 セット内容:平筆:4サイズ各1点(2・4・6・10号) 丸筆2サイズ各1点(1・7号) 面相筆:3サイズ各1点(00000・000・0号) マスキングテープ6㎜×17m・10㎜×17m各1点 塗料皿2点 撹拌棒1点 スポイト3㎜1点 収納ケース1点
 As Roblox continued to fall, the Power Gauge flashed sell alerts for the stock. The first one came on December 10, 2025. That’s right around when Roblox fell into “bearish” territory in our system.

--

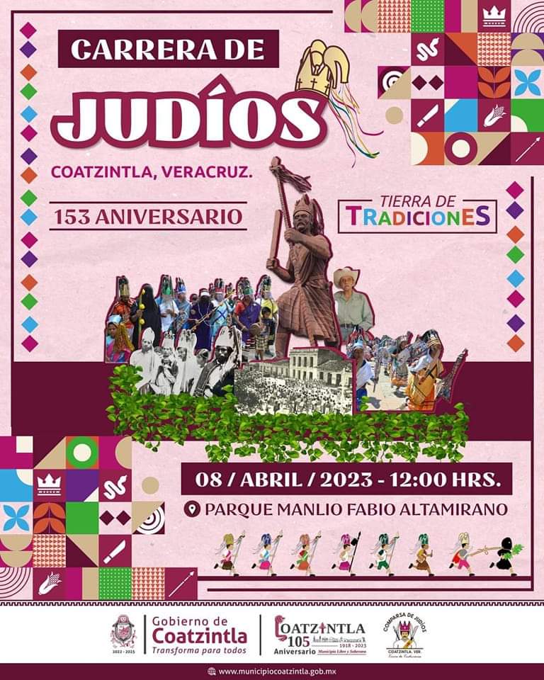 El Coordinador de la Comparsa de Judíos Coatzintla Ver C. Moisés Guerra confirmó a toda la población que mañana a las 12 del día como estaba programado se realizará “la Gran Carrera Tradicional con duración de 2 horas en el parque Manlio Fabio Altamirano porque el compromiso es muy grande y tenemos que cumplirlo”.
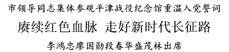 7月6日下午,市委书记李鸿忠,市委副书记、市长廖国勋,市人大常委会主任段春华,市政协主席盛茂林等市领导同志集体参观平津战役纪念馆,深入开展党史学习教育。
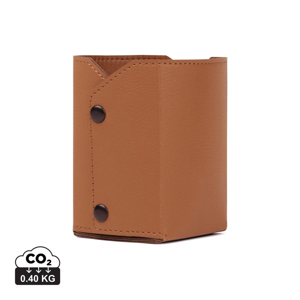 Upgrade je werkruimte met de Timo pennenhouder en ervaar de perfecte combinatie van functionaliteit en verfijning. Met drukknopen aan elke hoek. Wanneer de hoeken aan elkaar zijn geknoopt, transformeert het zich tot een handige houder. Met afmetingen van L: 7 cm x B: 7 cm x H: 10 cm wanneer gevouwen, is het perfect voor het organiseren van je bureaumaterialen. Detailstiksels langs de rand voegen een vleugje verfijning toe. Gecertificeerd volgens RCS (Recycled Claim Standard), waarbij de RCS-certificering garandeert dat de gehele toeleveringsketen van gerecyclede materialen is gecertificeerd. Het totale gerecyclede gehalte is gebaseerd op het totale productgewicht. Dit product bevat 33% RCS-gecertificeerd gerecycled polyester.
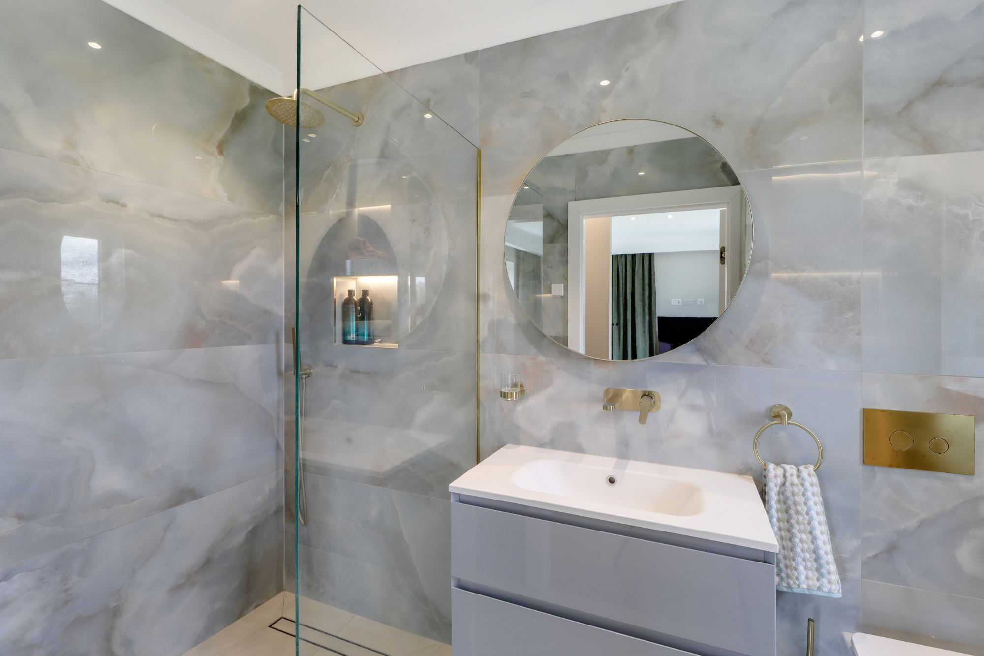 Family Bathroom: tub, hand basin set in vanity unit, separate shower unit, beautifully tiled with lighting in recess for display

YOUR GOAL
The required output is the stretch of entries above from the line containing "撹拌棒1点 スポイト3㎜1点 収納ケース1点" through the line containing "As Roblox continued", reproduced exactly.

RESULT OF THE TASK
 セット内容:平筆:4サイズ各1点(2・4・6・10号) 丸筆2サイズ各1点(1・7号) 面相筆:3サイズ各1点(00000・000・0号) マスキングテープ6㎜×17m・10㎜×17m各1点 塗料皿2点 撹拌棒1点 スポイト3㎜1点 収納ケース1点
 As Roblox continued to fall, the Power Gauge flashed sell alerts for the stock. The first one came on December 10, 2025. That’s right around when Roblox fell into “bearish” territory in our system.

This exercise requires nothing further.